> What you need to do
A picture should never appear in your copy. Transcribe the listing exactly from its first line through the line with "Students holding SDG cards", both ends included.

---

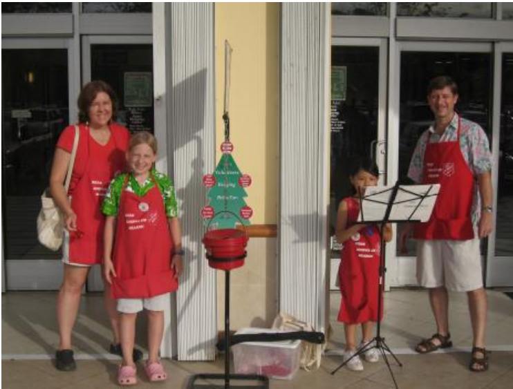
Ringling the bell for the Salvation Army

Like you, we have just concluded a very busy holiday season. We were very encouraged by the cards and gifts received from our supporters!
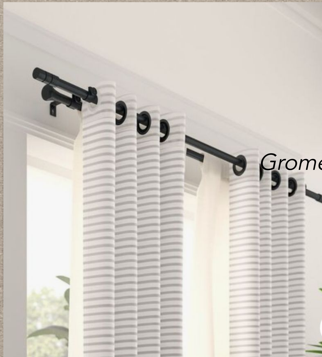
Grommetted cotton stripe (coastal style)
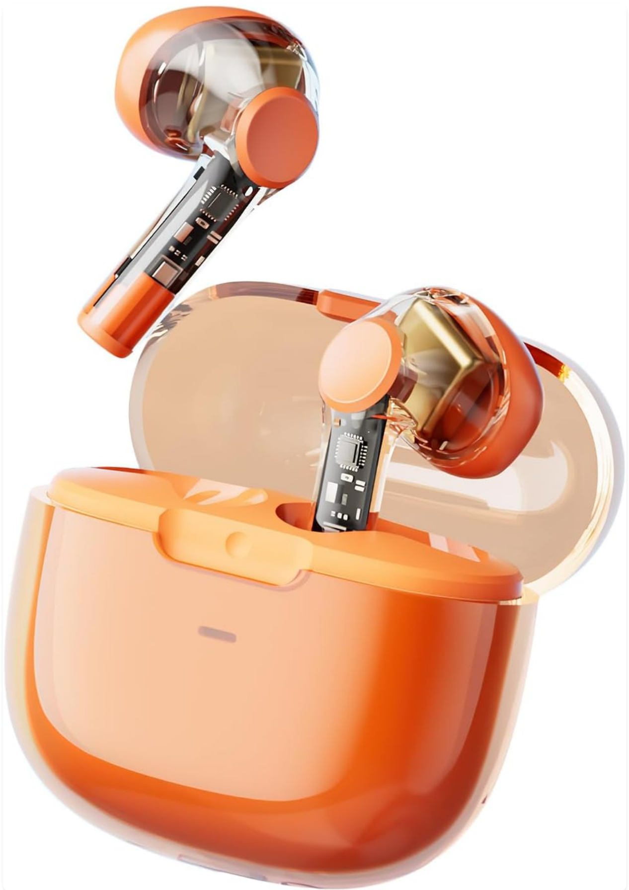
Image: truefree T3 Earbuds and Charging Case.
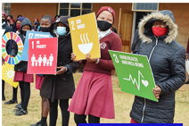
Students holding SDG cards

The project focuses on engaging the private sector and non-state actors in strengthening equitable access to relevant COVID-19 response interventions. The introduction of the COVID-19 vaccines restores hope for full-time schooling.
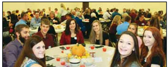
A few of the many Leo club members at their charter banquet.
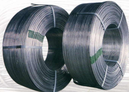
铝钛硼丝产品 Al-Ti-B wire

我厂研制生产的铝钛硼丝晶粒细化剂,主要用于铝及铝合金晶粒细化处理,该产品填补省内空白。
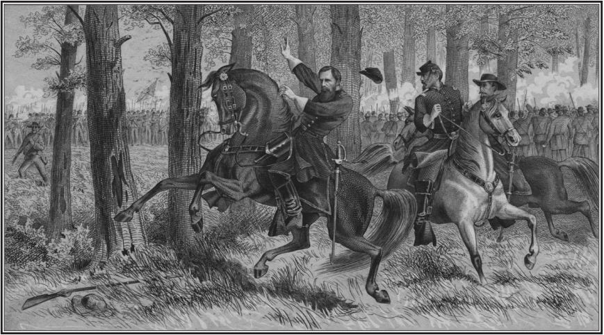
Death of Gen. John Reynolds in Herbst Woods.

after we had been in some time there was word came that our Army was Retreating and the Rebs were taking possession of the Town which caused great excitement.
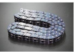
Genuine Nissan Timing Chain

Compatible with: L14 Twin carb Valve size: IN:42ΦEX:33Φ Price: ¥16,000 (IN EX 1 set) *Oversized type designed to compensate for corrosion damage.
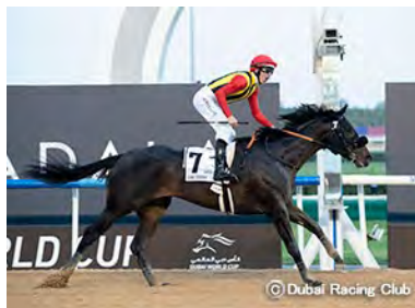
Crown Pride, winner of 2022 UAE Derby
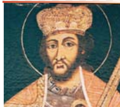
Alexander Nevsky 1220?–1263

Alexander of Novgorod was about 20 when he carved his name on Russian history. In 1240, the Swedes attacked the principality of Novgorod to stop its expansion. Alexander soundly defeated the invading Swedes at the Neva River. Grateful Russians called him Nevsky ("of the Neva") in honor of his victory.
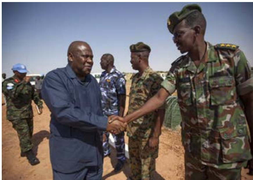
On 10 September 2017, UNAMID Joint Special Representative, Jeremiah Mamabolo visited Tine area, North Darfur, where he met with local authorities and community representatives.

moved forward with the reconfiguration programme?
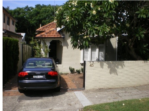
116. 45 Balfour Road Floor below road, Garage below road, Main flow channel bordering residence
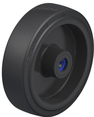
Wheel used POEV 125/12R
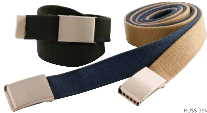
RUSS 35MM COTTON, PRESSED METAL BUCKLE S (34"), M (38"), L (42"), XL (46"), 2XL (50") RRP: AU$29.95 / NZ$34.95 REFER TO SWATCHES FOR COLOURS
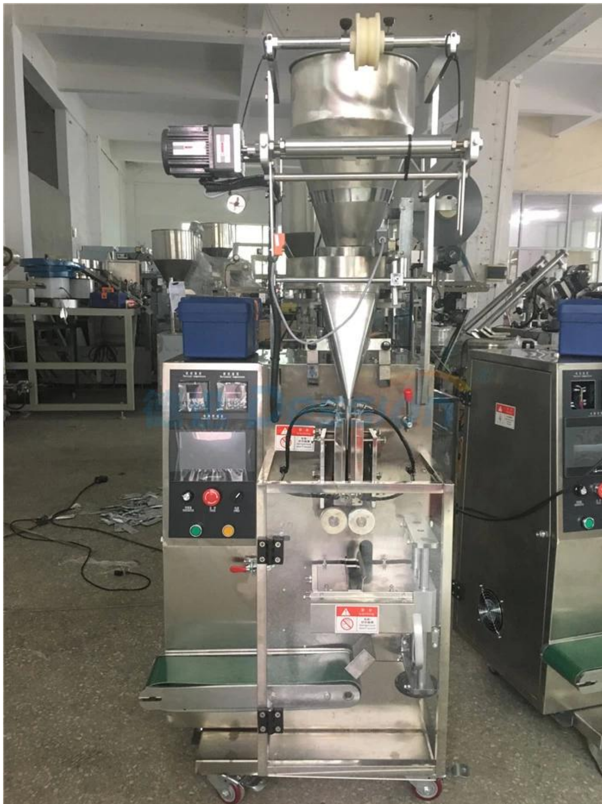
圖 圖 圖 圖:
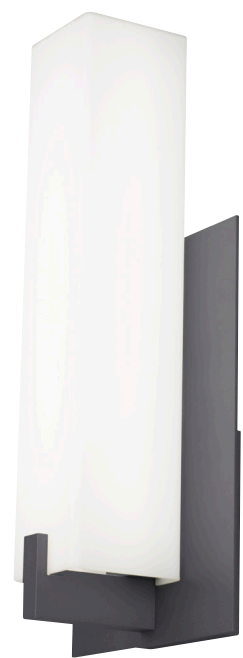
COSMO 18 shown in charcoal
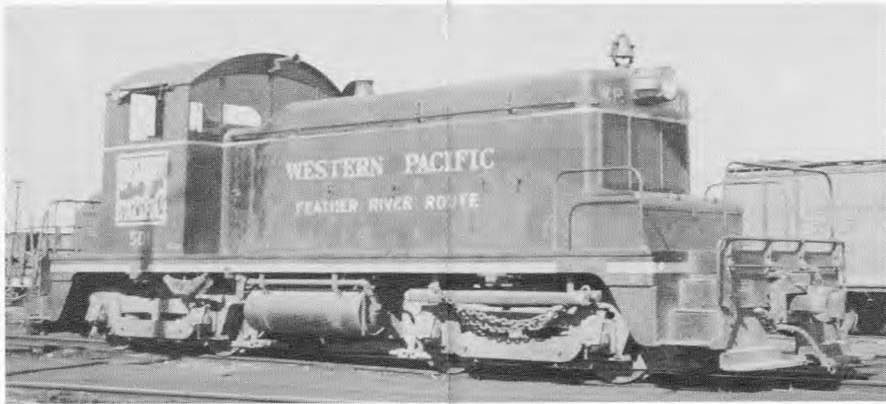
Preserved in Portola is the WP 501, an EMD SW-1 built in 1939 which was the first diesel on the Western Pacific.

The Feather River Rail Society , a tax exempt California Corporation, operates the PORTOLA RAILROAD MUSEUM at Portola, California. Formed in February, 1983, to establish a railroad museum in Portola with the purpose of preserving local railroad history in general and Western Pacific Railroad history in particular. As a Society, we are involved with restoration and collection of railroad equipment, photos, artifacts, historical information and data.
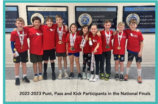
2022-2023 Punt, Pass and Kick Participants in the National Finals
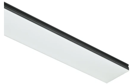
500 mm opal diffuser. Diffuse, glare free and uniform lighting throughout the room 08.0109.00
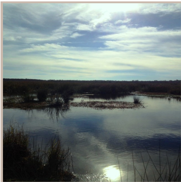
483.5 acres of wetlands for recreation along the Satilla River in Camden County

During 2014, ALT's Conservation Program worked with landowners of three properties to protect 1,983 acres, preserving land in Camden and Hancock counties, including 483.5 acres of freshwater wetlands along 1.2 miles of the Satilla river in Camden County. ALT now holds 13,505 acres in conservation easements in a total of 26 counties. In August, ALT earned renewed accreditation from the Land Trust Accreditation Commission, an independent program of the Land Trust Alliance. This was a huge benchmark and achievement for ALT. From the beginning, ALT has used the Land Trust Alliance's standards and practices to guide our land conservation work. Remaining accredited is critical for our growth and confirms that we are continuing to meet the highest ethical standards in the field of land conservation as well as in our affordable housing and community agriculture programs.
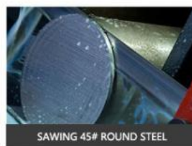
SAWING 45# ROUND STEEL
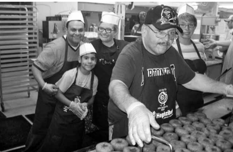
Hephzibah volunteers at the Oak Park Farmer's Market Donut Day, September 2010

HEPHZIBAH CHILDREN'S ASSOCIATION THANKS all of the incredible individuals who donate their time and energy to serving our children. We are fortunate to have numerous individuals and groups that are dedicated to our mission to enhance the lives of children and families. Volunteers are critical to our success in providing safety and care to over 1,100 and families each year.
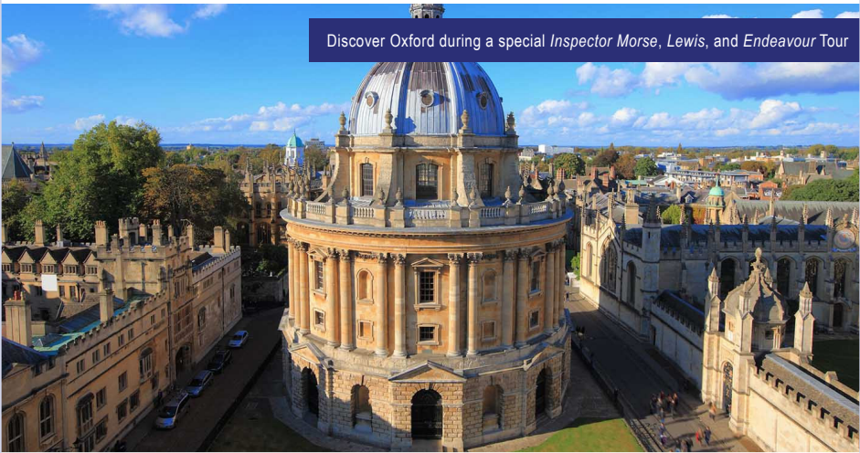
Discover Oxford during a special Inspector Morse, Lewis, and Endeavour Tour

Today, we will start the day in Oxford for a very special Inspector Morse, Lewis, and Endeavour tour of Historic Oxford, given by an expert on these wonderful programs and the iconic settings where they are filmed. In the afternoon, you will see the charming village of Biddestone in Oxfordshire — used as the backdrop of the series Agatha Raisin , based on the books by renowned author M.C. Beaton. Tonight, you will have an evening at your leisure to explore and dine at one of the great restaurants in Cheltenham, just steps from our hotel.
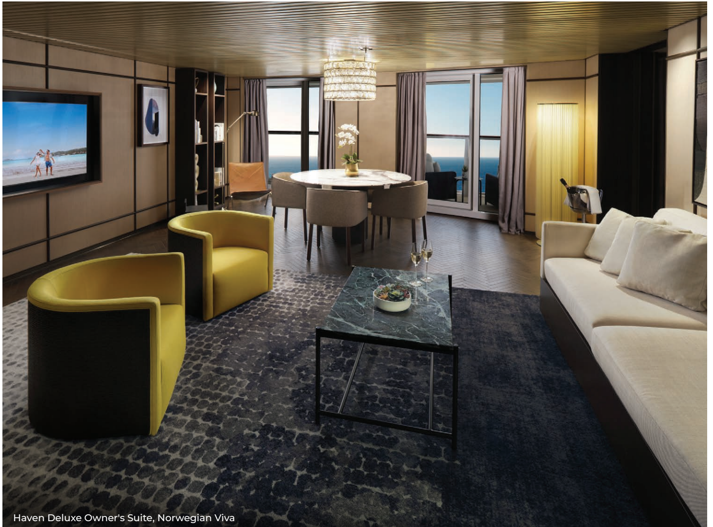
Haven Deluxe Owner's Suite, Norwegian Viva
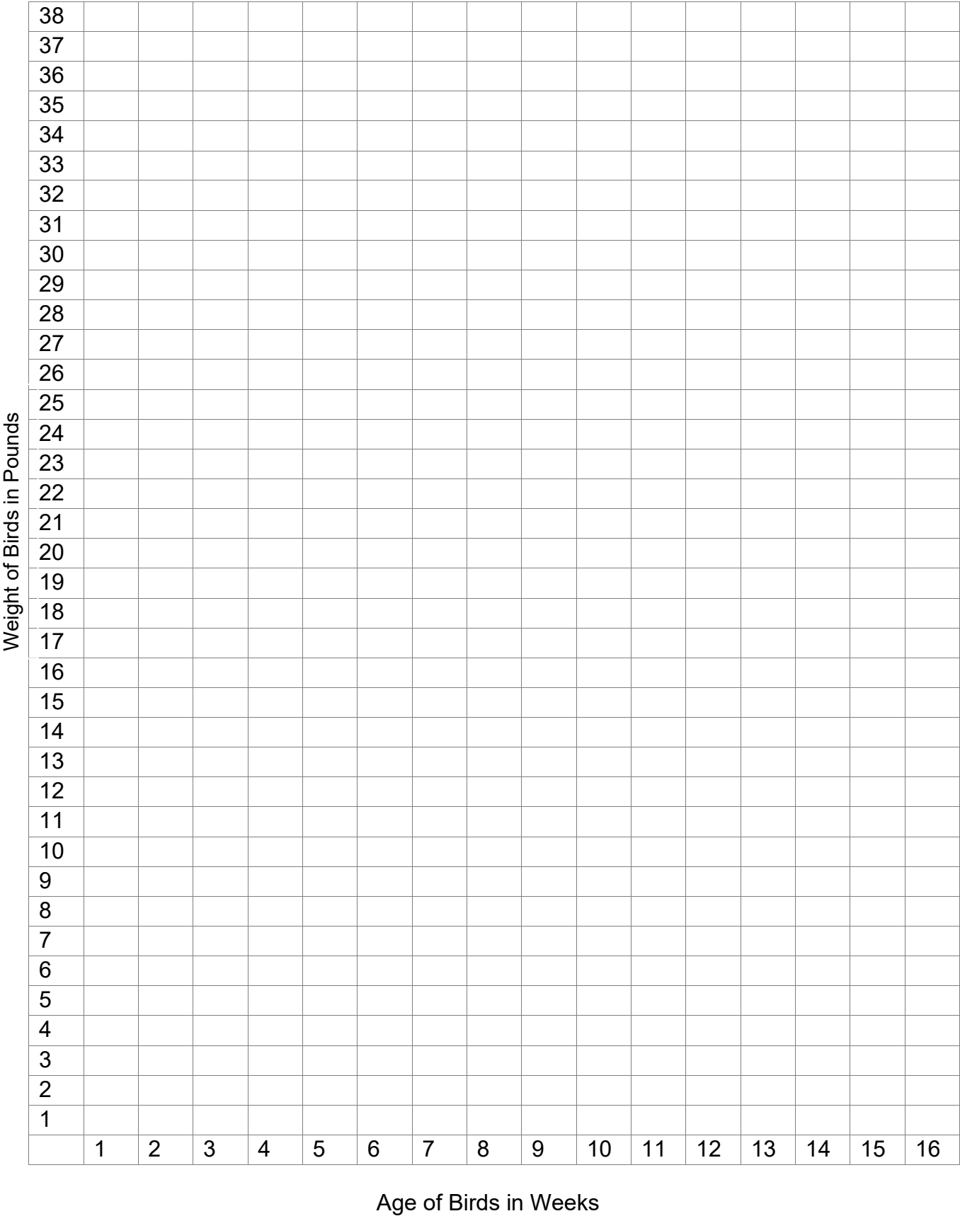
Growth Rate Graph for Turkeys, Geese & Ducks

---

> Solution for this task
Ringling the bell for the Salvation Army

Like you, we have just concluded a very busy holiday season. We were very encouraged by the cards and gifts received from our supporters!
Grommetted cotton stripe (coastal style)
Image: truefree T3 Earbuds and Charging Case.
Students holding SDG cards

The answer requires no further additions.